在 1st条期间,RelativeVolume
指示器不产生预期的输出。脚本中的周期计算为:(17:30-09:30*60)+1。让我们直接看看第二天 10:32 和 10:33 的相对体积是如何变化的,考虑到第 1st天,体积值填充了0
:
...
543,2006-01-02-volume-min-001,543,2006-01-03 10:31:00,3648.0,3648.0,3647.0,3648.0,56.0,0.0,Strategy,543,RelativeVolume,543,3.26785714286
544,2006-01-02-volume-min-001,544,2006-01-03 10:32:00,3647.0,3648.0,3647.0,3647.0,313.0,0.0,Strategy,544,RelativeVolume,544,0.0
545,2006-01-02-volume-min-001,545,2006-01-03 10:33:00,3647.0,3647.0,3647.0,3647.0,135.0,0.0,Strategy,545,RelativeVolume,545,0.0
546,2006-01-02-volume-min-001,546,2006-01-03 10:34:00,3648.0,3648.0,3647.0,3648.0,171.0,0.0,Strategy,546,RelativeVolume,546,4.91812865497
...
如预期的那样,它被设置为0
。
结论
数据源中的filter
机制打开了完全操作数据流的可能性。小心使用。
脚本代码和用法
可在backtrader
来源中作为样本获得:
usage: data-filler.py [-h] [--data DATA] [--filter] [--filler] [--fvol FVOL]
[--tstart TSTART] [--tend TEND] [--relvol]
[--fromdate FROMDATE] [--todate TODATE] [--writer]
[--wrcsv] [--plot] [--numfigs NUMFIGS]
DataFilter/DataFiller Sample
optional arguments:
-h, --help show this help message and exit
--data DATA, -d DATA data to add to the system
--filter, -ft Filter using session start/end times
--filler, -fl Fill missing bars inside start/end times
--fvol FVOL Use as fill volume for missing bar (def: 0.0)
--tstart TSTART, -ts TSTART
Start time for the Session Filter (HH:MM)
--tend TEND, -te TEND
End time for the Session Filter (HH:MM)
--relvol, -rv Add relative volume indicator
--fromdate FROMDATE, -f FROMDATE
Starting date in YYYY-MM-DD format
--todate TODATE, -t TODATE
Starting date in YYYY-MM-DD format
--writer, -w Add a writer to cerebro
--wrcsv, -wc Enable CSV Output in the writer
--plot, -p Plot the read data
--numfigs NUMFIGS, -n NUMFIGS
Plot using numfigs figures
守则:
from __future__ import (absolute_import, division, print_function,
unicode_literals)
import argparse
import datetime
import math
# The above could be sent to an independent module
import backtrader as bt
import backtrader.feeds as btfeeds
import backtrader.utils.flushfile
import backtrader.filters as btfilters
from relativevolume import RelativeVolume
def runstrategy():
args = parse_args()
# Create a cerebro
cerebro = bt.Cerebro()
# Get the dates from the args
fromdate = datetime.datetime.strptime(args.fromdate, '%Y-%m-%d')
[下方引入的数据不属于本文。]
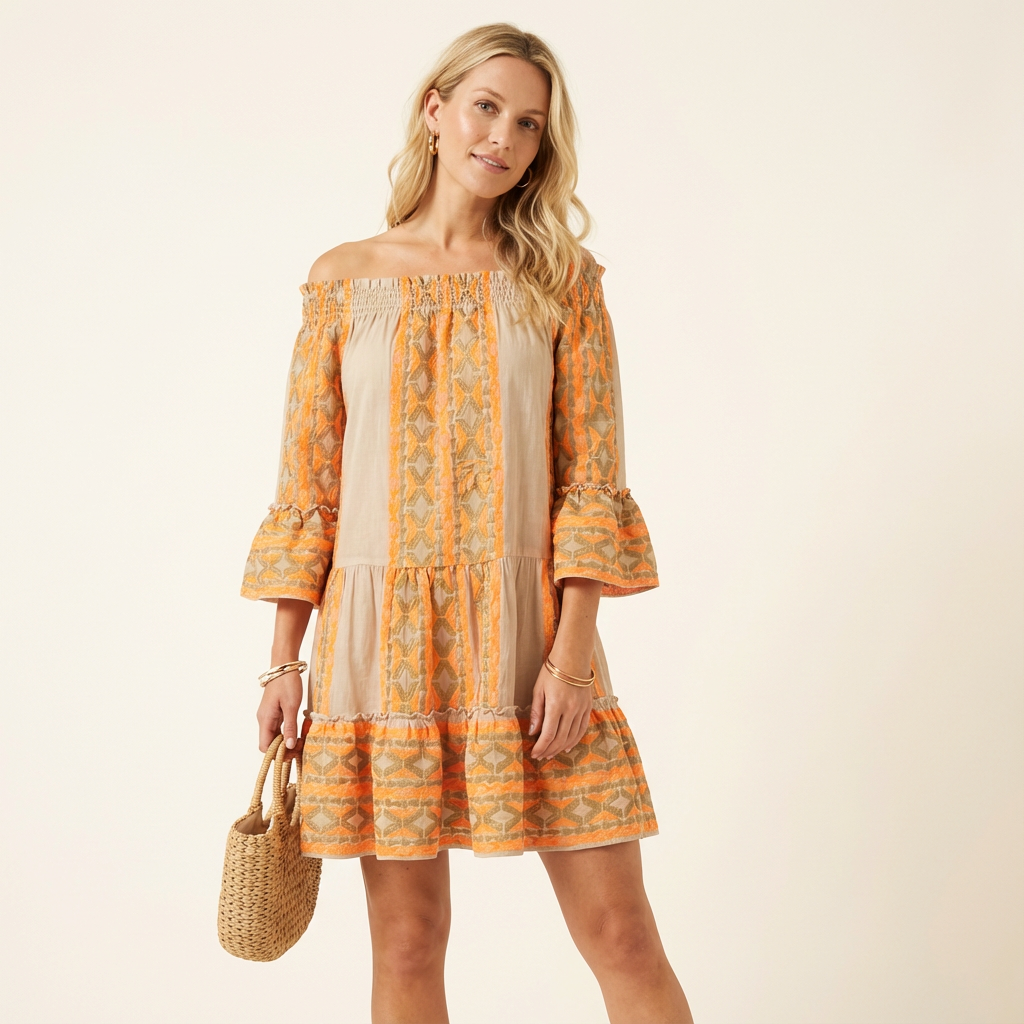 Este minivestido de mujer con hombros descubiertos luce un impresionante estampado étnico , perfecto para días de verano relajados o vacaciones en la playa. Con un corte holgado y detalles elásticos, ofrece estilo y comodidad. El diseño con hombros descubiertos y las mangas abullonadas le dan un toque chic y divertido a este vestido fresco.
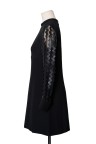 Black silk crepe and leather dress
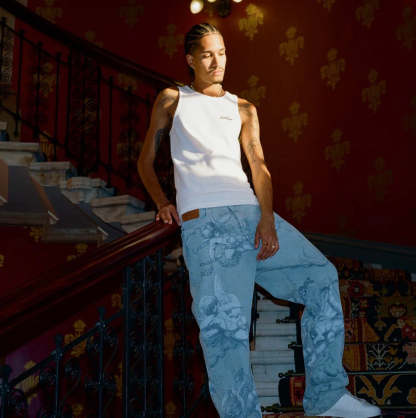 BECAUSE THESE JEANS ARE PRINTED, FREQUENT OR IMPROPER WASHING MAY CAUSE FADING. TO PRESERVE THEM, HAND WASH OR USE A COLD GENTLE CYCLE WITH MILD DETERGENT. WASH INSIDE OUT, DO NOT TUMBLE DRY, DO NOT BLEACH.
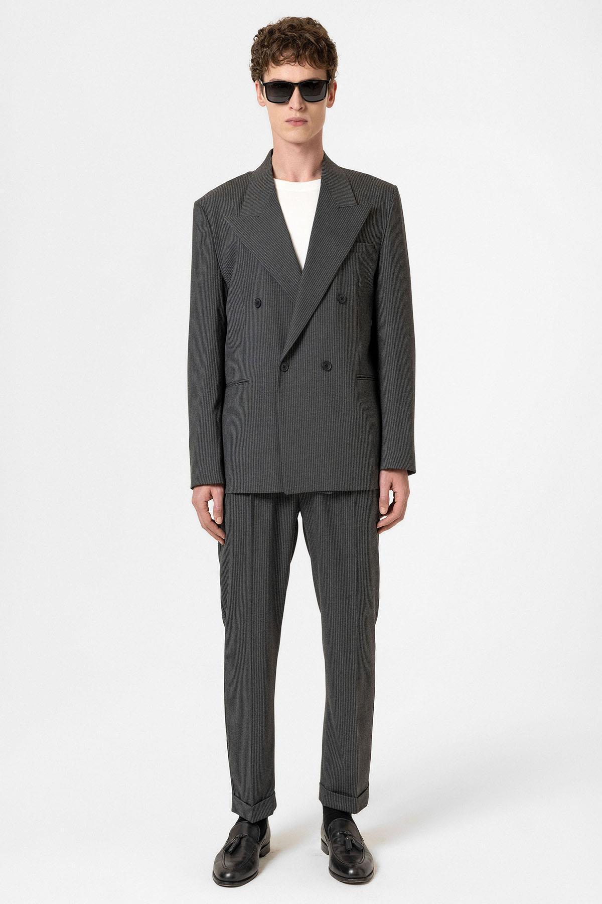 Antrasit Rahat Kruvaze Çizgili Erkek Blazer Ceket Antrasit Rahat Kruvaze Çizgili Erkek Blazer Ceket A24Y4175 XL
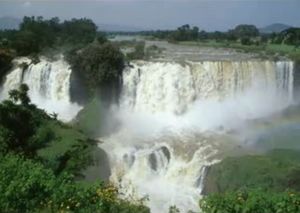يسمونه «تنش أبآي» وهو بالفعل نهر صغير، لكنه يحمل خير الصبايا عندما يتثنى بين خضرة وتلال، بعد مخاض من بحيرة تانا، أعلى بحيرات أفريقيا، ثم يتسارع ليبدأ هديرا يصم الآذان لحظات انهماره شلالا يفوق الوصف، يتدلى وينسكب بصخب الحياة وفتوة الاندفاع، رذاذه يحاكي بياض أسنان إثيوپية تروي بابتسامتها ظمأ الأرض العاشقة.[1]
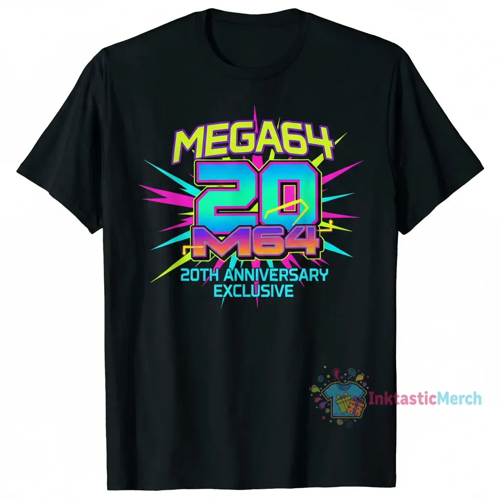 Bring your style to life with the Mega64 20th anniversary exclusives logo shirt today!
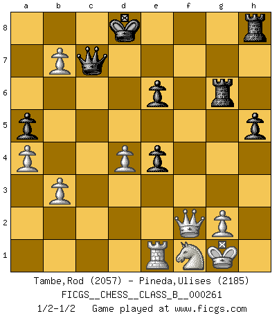 Last move : 1/2-1/2 2018 June 8 7:14:0 [Event "FICGS__CHESS__CLASS_B__000261"] [Site "FICGS"] [Date "2017.10.30"] [Round "1"] [White "Tambe,Rod"] [Black "Pineda,Ulises"] [Result "1/2-1/2"] [WhiteElo "2057"] [BlackElo "2185"] 1.d4 Nf6 2.Bg5 d5 3.e3 c5 4.Nd2 cxd4 5.exd4 Nc6 6.Ngf3 h6 7.Bf4 g5 8.Bg3 Qb6 9.Nb3 Ne4 10.Bd3 Bg7 11.O-O Nxg3 12.hxg3 g4 13.Nh2 h5 14.c3 Kf8 15.a4 a5 16.Bb5 Na7 17.Be2 Nc6 18.Bb5 Na7 19.Be2 Bf5 20.Re1 Rd8 21.Nf1 Bh6 22.Ra3 Qc7 23.Nc1 Bg5 24.Rb3 Bd7 25.Ra3 e6 26.Nd3 Nc8 27.Ne5 Bc6 28.Bd3 Nd6 29.f3 gxf3 30.Qxf3 Ke7 31.b3 Rh6 32.Ra2 Rdh8 33.Rf2 Ke8 34.Qe2 Kd8 35.c4 f5 36.Nh2 Bf6 37.Qe3 Ne4 38.Bxe4 Bxe5 39.cxd5 Bxg3 40.dxc6 fxe4 41.cxb7 Rg6 42.Nf1 Bxf2+ 43.Qxf2 1/2-1/2 Trompowsky attack (Ruth, Opovcensky Opening) Kingside Castling by player White (move 11) This chess game ended in a draw. Follow this game move after move (download)In the perfect Chess combination as in a first-rate short story, the whole plot and counter-plot should lead up to a striking finale, the interest not being allayed until the very last moment. (Yates and Winter) Der Schachmeister von Heute braucht Courage, einen Killerinstinkt, Ausdauer und Arroganz. (Larry Evans) Las ideas audaces son como las piezas del Ajedrez que avanzan hacia adelante. Ellas pueden ser vencidas, pero también pueden iniciar una partida victoriosa. (Goethe) Il a essayé de se convaincre qu'il pourrait empêcher toutes les erreurs et ne jamais perdre. L'horreur ! Gary Kasparov au sujet de Robert Fischer. If we don't succeed, we run the risk of failure. (George W. Bush)
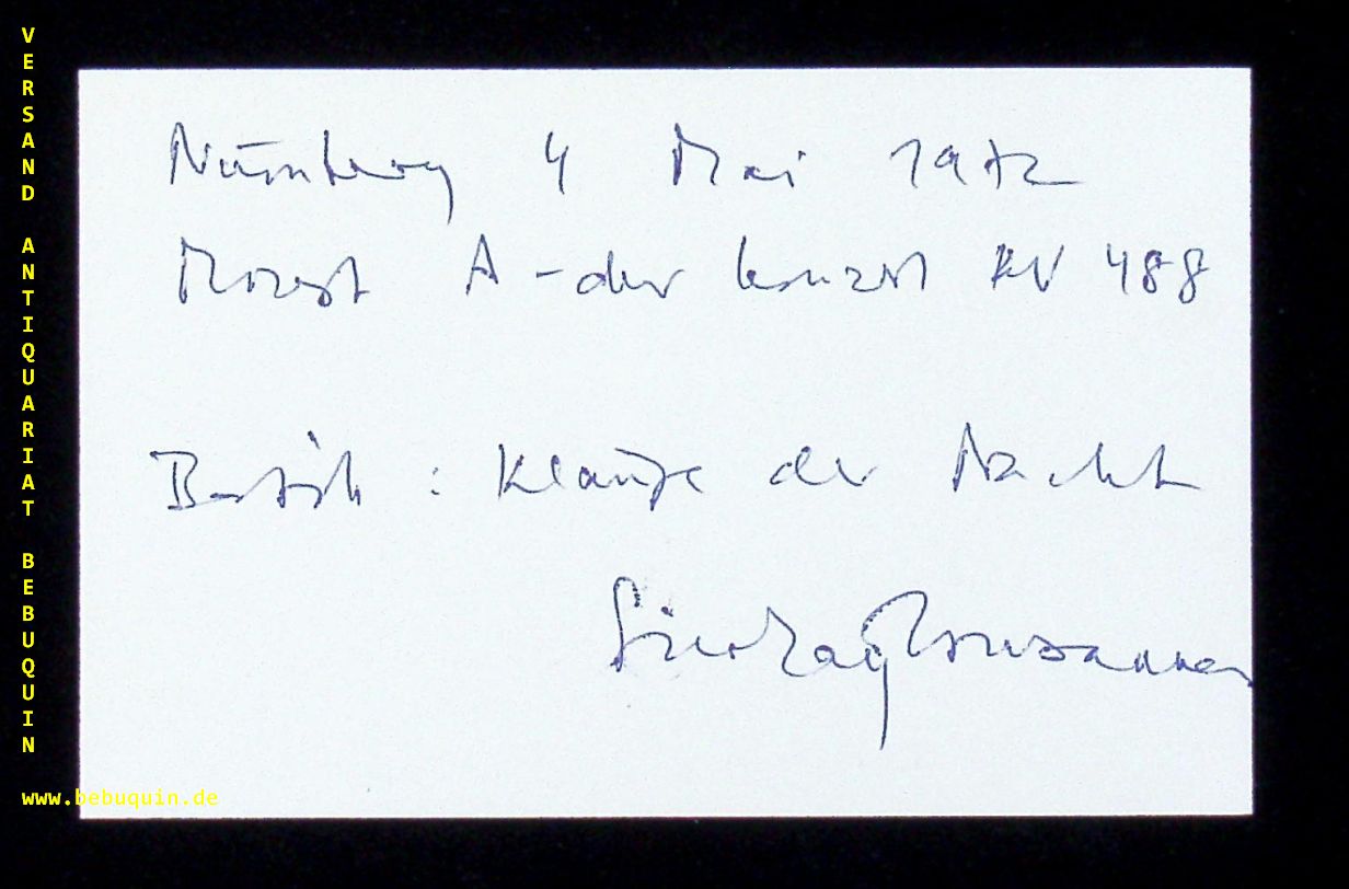 SIROKAY, Zsusanna (Pianistin): eigenhändig datierte und signierte Autogrammkarte. Nürnberg, 4.5.1972. 8 x 12,5 cm. Karteikarte. Zsuzsanna Sirokay (* 28. März 1941 in Ungvár) ist eine ungarische Pianistin. (Wikipedia)

todate = datetime.datetime.strptime(args.todate, '%Y-%m-%d')
# Get the session times to pass them to the indicator
# datetime.time has no strptime ...
dtstart = datetime.datetime.strptime(args.tstart, '%H:%M')
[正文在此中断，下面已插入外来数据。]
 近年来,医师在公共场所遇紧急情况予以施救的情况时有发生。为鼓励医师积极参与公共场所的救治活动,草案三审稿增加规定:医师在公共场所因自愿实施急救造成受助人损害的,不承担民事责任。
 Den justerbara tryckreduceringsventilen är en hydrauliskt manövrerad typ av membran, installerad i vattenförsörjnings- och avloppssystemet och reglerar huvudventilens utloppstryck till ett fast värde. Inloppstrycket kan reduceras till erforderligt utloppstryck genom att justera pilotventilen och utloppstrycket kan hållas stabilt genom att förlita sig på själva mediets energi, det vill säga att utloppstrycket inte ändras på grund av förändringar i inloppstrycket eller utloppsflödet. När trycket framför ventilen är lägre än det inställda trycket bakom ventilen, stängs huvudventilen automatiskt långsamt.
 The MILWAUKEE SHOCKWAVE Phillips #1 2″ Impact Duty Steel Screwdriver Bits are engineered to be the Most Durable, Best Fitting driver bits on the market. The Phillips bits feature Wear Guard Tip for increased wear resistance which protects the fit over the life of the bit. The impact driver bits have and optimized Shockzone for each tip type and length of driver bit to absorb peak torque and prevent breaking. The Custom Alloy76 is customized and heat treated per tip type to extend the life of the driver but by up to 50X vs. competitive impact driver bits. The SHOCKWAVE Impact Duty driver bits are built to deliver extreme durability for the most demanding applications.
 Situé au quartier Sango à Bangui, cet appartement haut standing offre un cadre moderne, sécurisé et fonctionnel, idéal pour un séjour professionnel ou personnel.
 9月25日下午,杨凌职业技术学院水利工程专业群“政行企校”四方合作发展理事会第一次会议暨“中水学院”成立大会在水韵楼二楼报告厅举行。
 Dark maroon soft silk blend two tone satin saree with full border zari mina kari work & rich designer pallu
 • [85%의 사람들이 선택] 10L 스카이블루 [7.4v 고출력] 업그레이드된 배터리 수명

dtend = datetime.datetime.strptime(args.tend, '%H:%M')
# Create the 1st data
data = btfeeds.BacktraderCSVData(
dataname=args.data,
fromdate=fromdate,
todate=todate,
timeframe=bt.TimeFrame.Minutes,
compression=1,
sessionstart=dtstart, # internally just the "time" part will be used
sessionend=dtend, # internally just the "time" part will be used
)
if args.filter:
data.addfilter(btfilters.SessionFilter)
if args.filler:
data.addfilter(btfilters.SessionFiller, fill_vol=args.fvol)
# Add the data to cerebro
cerebro.adddata(data)
if args.relvol:
# Calculate backward period - tend tstart are in same day
# + 1 to include last moment of the interval dstart <-> dtend
td = ((dtend - dtstart).seconds // 60) + 1
cerebro.addindicator(RelativeVolume,
period=td,
volisnan=math.isnan(args.fvol))
# Add an empty strategy
cerebro.addstrategy(bt.Strategy)
# Add a writer with CSV
if args.writer:
cerebro.addwriter(bt.WriterFile, csv=args.wrcsv)
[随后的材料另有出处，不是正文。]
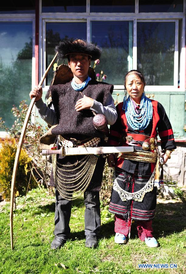 Residents of Lhoba ethnic group present their traditional costumes in Nyingchi, southwest China's Tibet Autonomous Region on Oct. 30, 2012. The Lhoba costume has been listed as China's intangible cultural heritage. (Xinhua/Liu Kun)
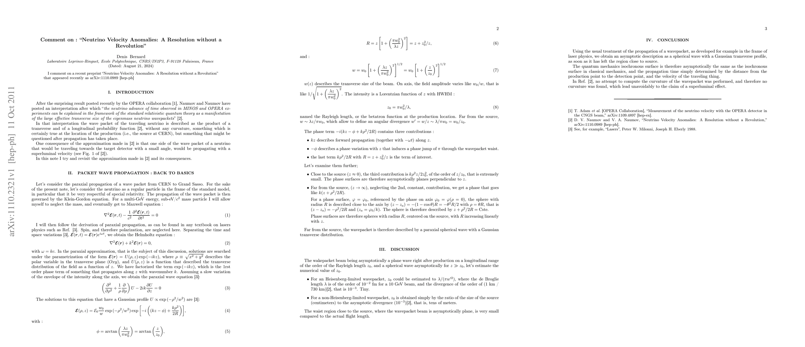 I comment on a recent preprint "Neutrino Velocity Anomalies: A Resolution without a Revolution" that appeared recently as arXiv:1110.0989 [hep-ph]
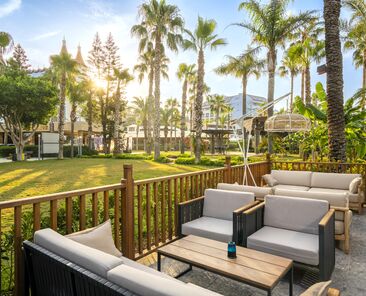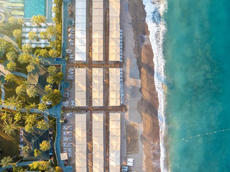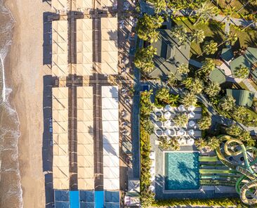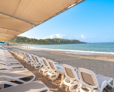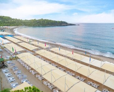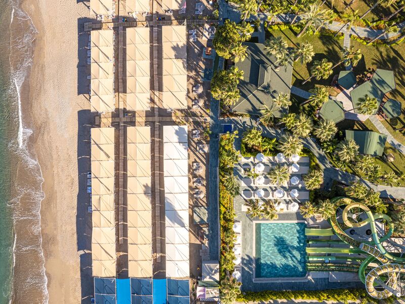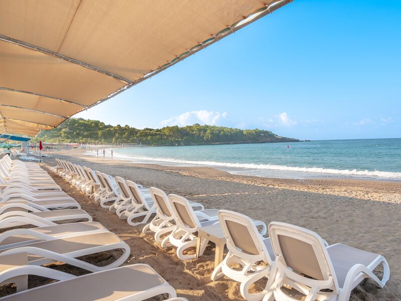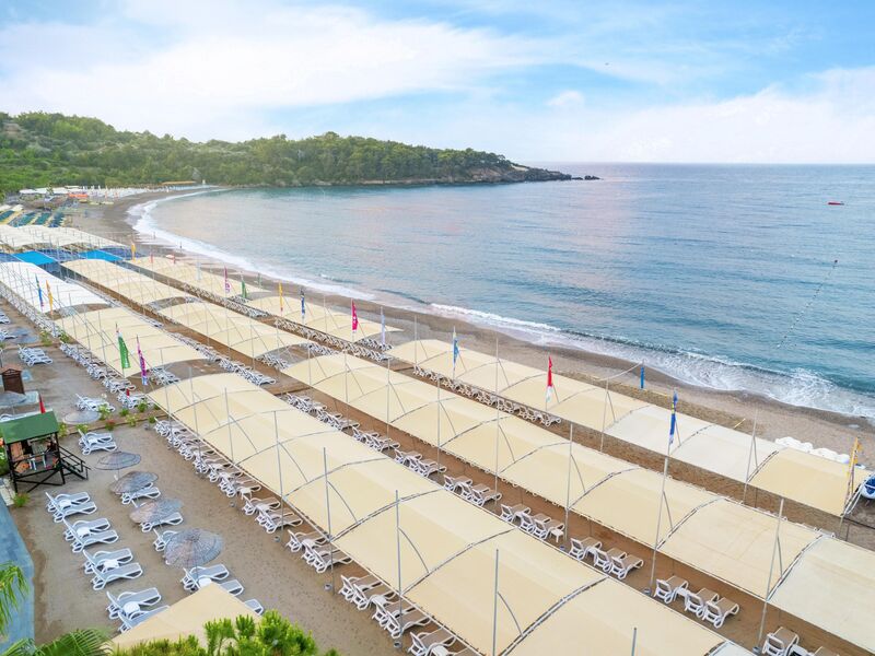 Plajda ve havuz kenarında şezlong ve güneş şemsiyeler ücretsizdir.
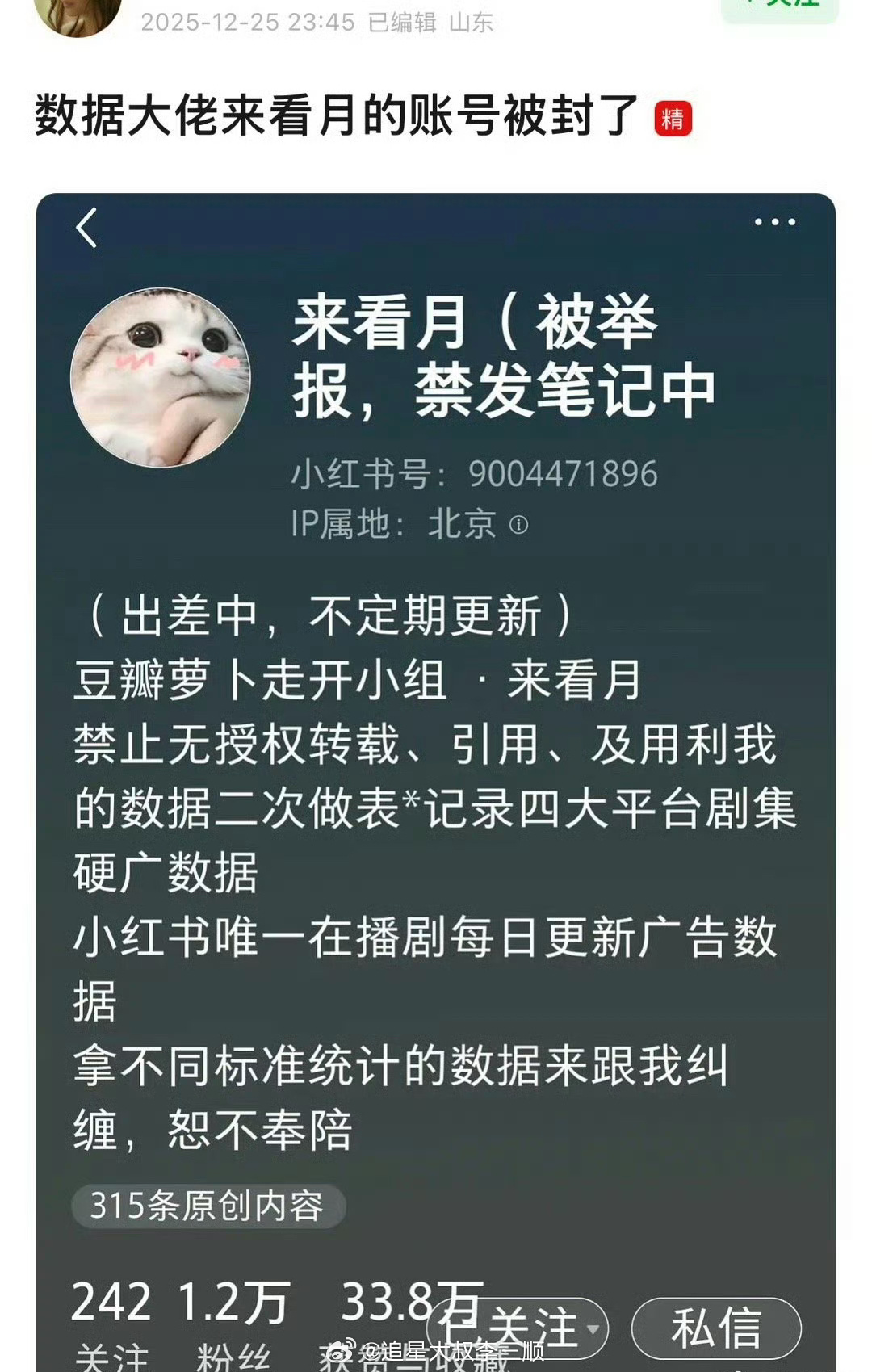 🍠上专门发电视剧广告情况的博主,发的成毅《长安二十四计》全集有广,优酷1史冠,5年冠的帖子被人聚宝了,禁言三天

# And run it - no trading - disable stdstats
cerebro.run(stdstats=False)
# Plot if requested
if args.plot:
cerebro.plot(numfigs=args.numfigs, volume=True)
def parse_args():
parser = argparse.ArgumentParser(
description='DataFilter/DataFiller Sample')
parser.add_argument('--data', '-d',
default='../../datas/2006-01-02-volume-min-001.txt',
help='data to add to the system')
parser.add_argument('--filter', '-ft', action='store_true',
help='Filter using session start/end times')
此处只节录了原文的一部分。